On Silent Harbour Bunnik’s stated focus lies in insular and subconscious realms as well as sub-aquatic, perhaps metaphysical, free-fall. The Dane describes the album as a kind of internal journey — “an imaginary deep mental abstract excursion.” It’s the sort of language that might throw up some red flags, veering awfully close to the dreaded P-word, but there’s really no better description for Silent Harbour, and upon hearing the album it becomes clear Bunnik’s ambitions are atmospheric rather than academic.

Silent Harbour doesn’t eschew Bunnik’s techno foundations, but rather submerges them, letting them writhe and scatter in abstracted, asymmetrical variations, creating an immersive, womb-like universe that’s lullingly rhythmic and rich with throbbing, malevolent sub-bass, chittering percussive textures, and thick underwater machine-dub aesthetics. The album is only pertinently ambient in small stretches like on “Scintillans In The Port” and “Dock Operations,” which let reverberating, rhythmless percussion settle around hissing, serpentine machine drones, but even on 130 BPM cuts like “Geometry” or “Metaphysical Storm,” the rhythms never feel overt, only suggestive. Percussion never really steps out beyond being an inverted textural driver. Silent Harbour focuses on designing layered, mechanical soundscapes, filling each track with beautifully tactile surfaces, surrounding them with thick shrouds of darkened, ghostly fog, and letting them languish in shifting ocean floor currents.

“Descending Radius Curve” encloses its suffocated-to-nothing 4/4 and plunky piano sample with layers of mournful vocals like the gathering voices of silhouetted figures on the other side of a darkened canvas screen. “Voices From The Deep” is an oppressive mosaic, bubbling with crackling textures and a flattened boiler room drone while a staggering sub-bass foundation cradles it back and forth. The most impressive track on Silent Harbour is “Saltwater Intrusion” a ten-minute piece that perfectly exemplifies the album’s sonic aspirations. It centers around a glut of howling drones coated with digital clicks and watery plops before a gestating rhythm sidles in, its suckling snare sound lapping beautifully in wound-up temporal variations across the song’s stereofield while more machine textures dive down through like dashes of paint through water. It’s massive, subtly and exponentially arranged, and an aural feast.

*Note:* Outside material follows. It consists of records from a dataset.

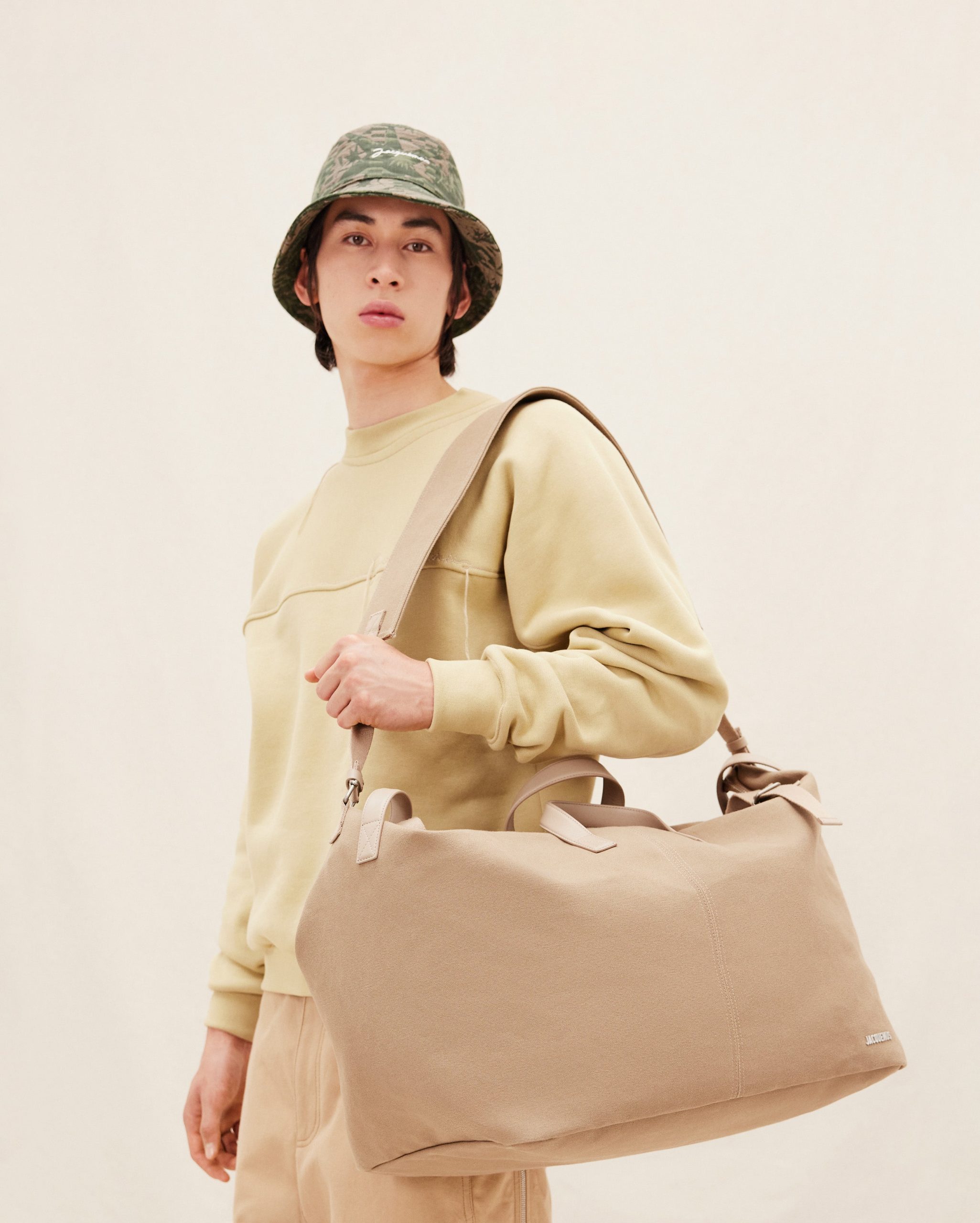 - Cotton canvas bag with leather details
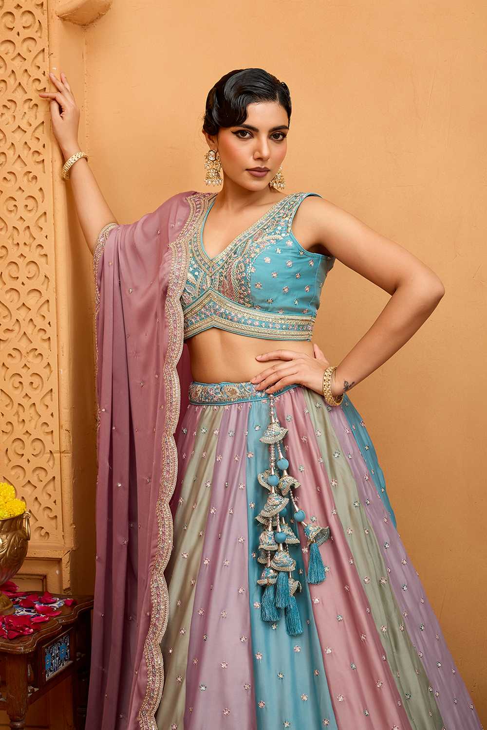 Step into the spotlight with our Lehenga a dazzling creation designed to make your special moments unforgettable. Crafted from premium Georgette this lehenga offers a perfect combination of elegance and ease, keeping you graceful all day long. The exquisite Floral Embroidered makes this lehenga a masterpiece of traditional craftsmanship. Whether it’s Sangeet,Party or a grand celebration, this lehenga is the perfect choice to make a statement. Pair it with an ornate choker, a matching dupatta, and embellished stilettos to complete the regal look. Add a sleek bun or cascading curls for added glamour. Make every moment magical with the timeless allure of Lehenga
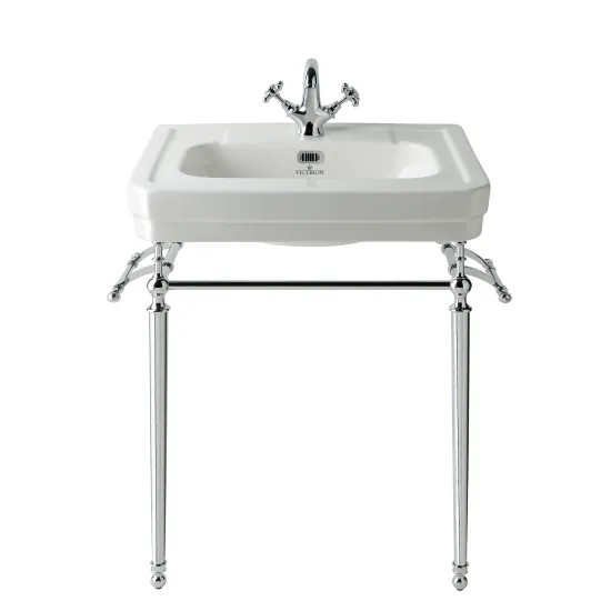 BC Designs Victrion 640mm Basin & Ornate Stand 1TH - White
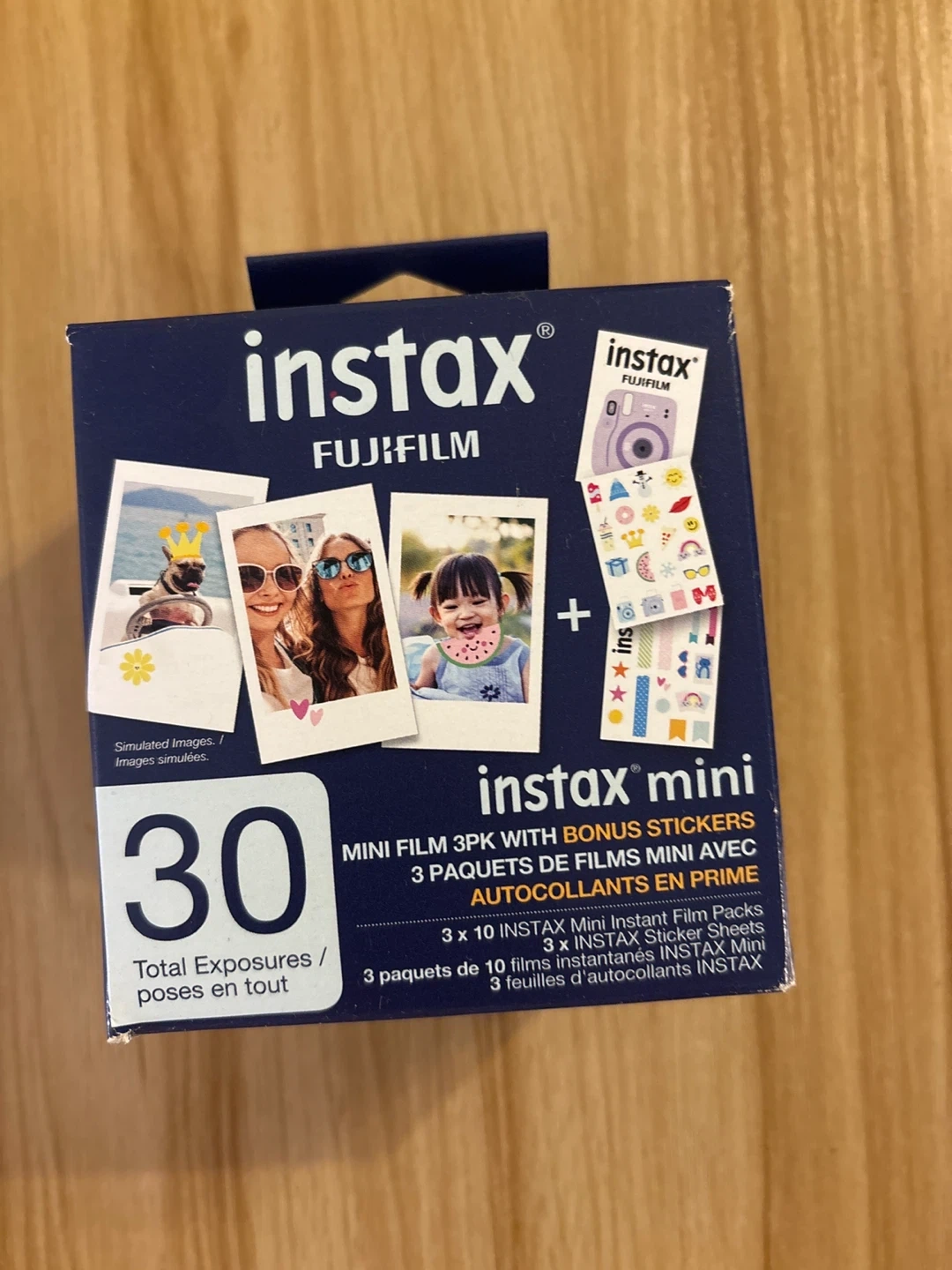 This is a 3-pack of Fujifilm Instax Mini instant film, offering a total of 30 exposures. It also includes bonus Instax Mini sticker sheets. Great for adding fun embellishments to your instant photos!

Of course, subverting techno structures in favor of ambiance and inversion is hardly a novel concept in 2012. Demdike Stare has been producing hellish dub and drone with bits of techno propulsion sprinkled in since 2009 and Actress’ most recent effort attempted to rewrite the tech rulebook using ambient music as a foil. But Silent Harbour shares little of Demdike Stare’s organic, sample-based mysticism (except for “Descending Radius Curve”) or Actress’ bookish experimentalism. The easiest comparisons to draw are perhaps Loscil’s Submers, which was also preoccupied with exploring underwater environments (albeit in a Gas-esque mold), and the lonesome handdrum tirade on “Cascade” even brings Shackleton’s Music For The Quiet Hour to mind. But Silent Harbour distinguishes itself by finding a constant and precise balance between the absolutes, using understated percussion and a spherical arrangement style that’s never not in fluctuation (not to mention Bunnik remains firmly planted in more digitized realms). The results often feel tangentially related to dance music. “Aquatic Movements,” for instance, sounds like ceremonial psych dubbers Sun Araw if they listened to more Deepchord.

It’s hard not to be surprised by the level of quality and vast amount of detail at work on Silent Harbour. It feels unprecedented to a certain extent. Escapism was excellent and it showed Bunnik was one of the most qualified techno producers in the field, but Silent Harbour is a curveball that separates him altogether. The Dane’s grasp on his conceptual conceits are surpassingly adept and there’s enough life here to found a whole new direction. If this is the only work Bunnik does with the Silent Harbour name, there is the comfort that he knocked it out of the park in one go.